WHO's COVID-19 deaths report | Methodology of data collection questionable, says Pakistan

Official records state Pakistan had 30,369 COVID-19 deaths with over 1.5 million infections

May 07, 2022 05:46 pm | Updated 07:14 pm IST - Islamabad

Men wearing protective masks walk in a market, as the coronavirus outbreak continues, in Karachi, Pakistan.

Men wearing protective masks walk in a market, as the coronavirus outbreak continues, in Karachi, Pakistan. | Photo Credit: Reuters

The Pakistani Government has rejected the World Health Organisation’s (WHO) report on the number of COVID-19 deaths in the country, questioning the United Nations body’s methodology to collect data and supposing an error in the software used to collate the numbers.

In a recent report, the WHO estimated there were 2,60,000 COVID-19 deaths in Pakistan — eight times the official figure. Official records state Pakistan had 30,369 COVID-19 deaths with over 1.5 million infections.

“We [authorities] have been gathering data manually on COVID deaths, it could have a difference of a few hundred but it can’t be in hundreds of thousands. This is completely baseless,” Samaa News quoted Health Minister Abdul Qadir Patel as saying.

According to the report, nearly 15 million people were killed either by the coronavirus or by its impact on overwhelmed health systems in the past two years across the world, more than double the official death toll of six million. Most of the fatalities were in Southeast Asia, Europe and the Americas.

Minister Patel said the government has explained the calculation process to the WHO in a note rejecting the world health body’s numbers.

Mr. Patel said the methodology of data collection is questionable, adding that authorities in Pakistan collected the figures from hospitals, union councils, and graveyards.

He suspected “some error” in the data collection software used by the WHO which has been “showing figures in average”, according to the Samaa News report.

Responding to the WHO report, the Health Ministry said a reporting mechanism is in place whereby every COVID-19 related death is reported on a district level, which is then collated at a provincial level by the respective healthcare systems, and finally, a cumulative number is shared on a national level which is reported via official channels.

“The mortality audit carried out by the NCOC [National Command and Control Centre] critically looked at the graveyard data of big cities,” the Ministry stated.
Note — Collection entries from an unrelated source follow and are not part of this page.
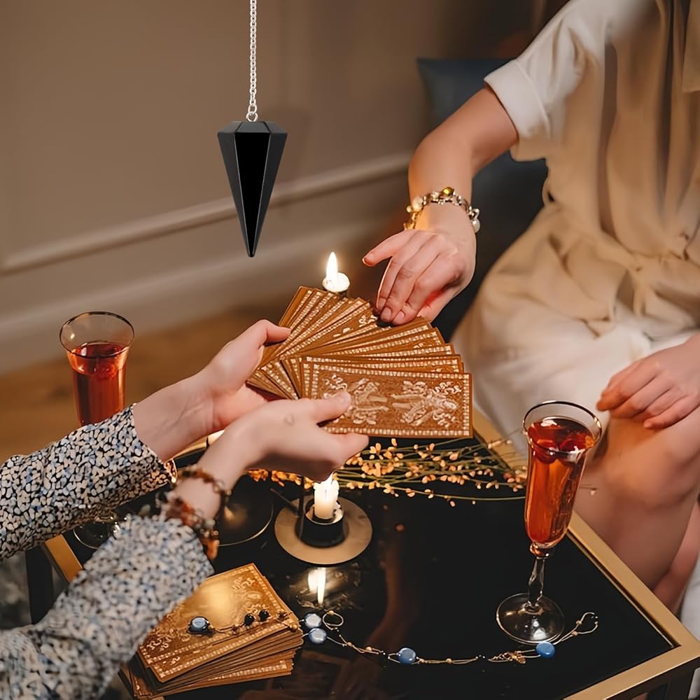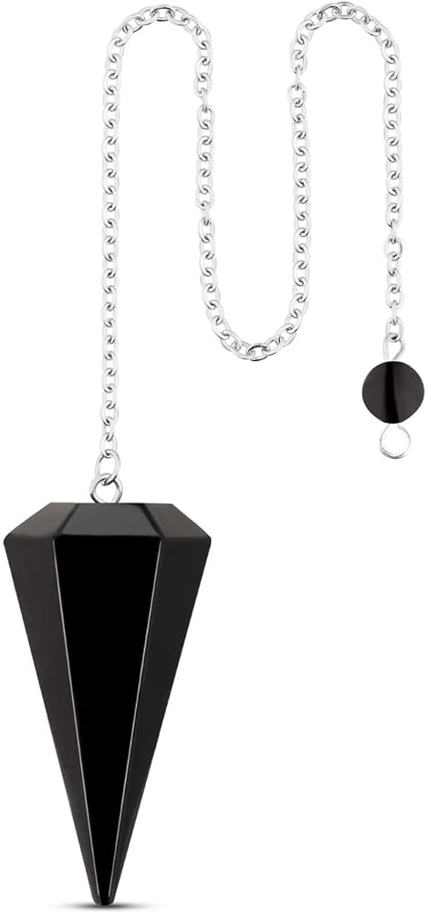 【Pendulum Crystal】Crystal Pendulum is a spiritual tool that can be used for meditation, energy purification, divination, witchcraft rituals, tarot cards, fortune telling, reiki healing, hypnosis, etc. Chain Length is 6.57-6.92 in. Pendulum Width is 0.74-0.76 in. Pendulum Height is 1.5-1.53in. Weigth is 0.024-0.028lb.
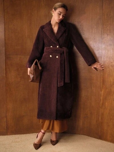 여성용 벨트 장식 롱 인조 모피 코트, 가을/겨울-59%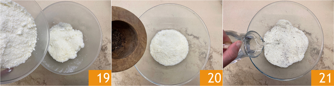 In a fairly large bowl, pour the grated Pecorino Romano, also add the grated Parmigiano Reggiano DOP 19, add the pepper 20 and the cold water 21.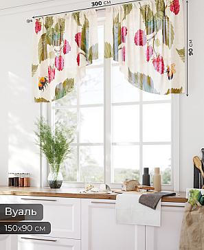 Комплект штор из легкой вуали оформлен печатным рисунком. Печатный рисунок дает широкие возможности обновить интерьер фактически нет требуя ремонта за счет огромного выбора. Ткани с печатным рисунком безопасны и не содержат токсичных веществ. Не смотря на то что, материал легкий, он имеет высокую плотность, мало загрязнятся и не требует особого ухода даже после стирки, что важно для кухонных занавесок. Шторы не выцветают, не растягиваются, превосходно драпируются, образуя струящиеся складки. Прекрасное решение для создания красоты и уюта с помощью уникальных дизайнов.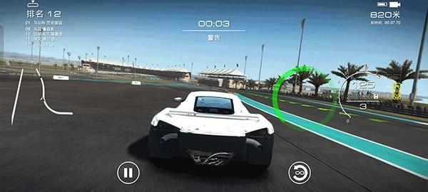 7、当321的倒计时归零,比赛就正式拉开序幕啦!你既可以用重力感应来调整方向,右边的按钮负责加速,左边的按钮则能实现刹车和漂移操作。

The death count in Pakistan is verifiable and accepted globally. Multiple checks and balances on the reporting systems are in place and the extra deaths reported in graveyards coincide with the COVID-19 waves that hit Pakistan, it concluded.

Meanwhile, former Special Assistant to the then Prime Minister on health Faisal Sultan said the WHO data on coronavirus deaths in Pakistan is “not reliable”.

He defended the government’s death reports, saying that studies of the number of graveyard burials in major cities did not reveal large numbers of uncounted victims of the pandemic.

Mr. Sultan termed the figures “extremely sensitive” as it would reflect on the handling of the crisis by authorities around the world.

“Our coronavirus death record was accurate but it is not possible to have a 100% correct death toll, it could be 10-30% less but to say it was eight times less is unbelievable,” he said.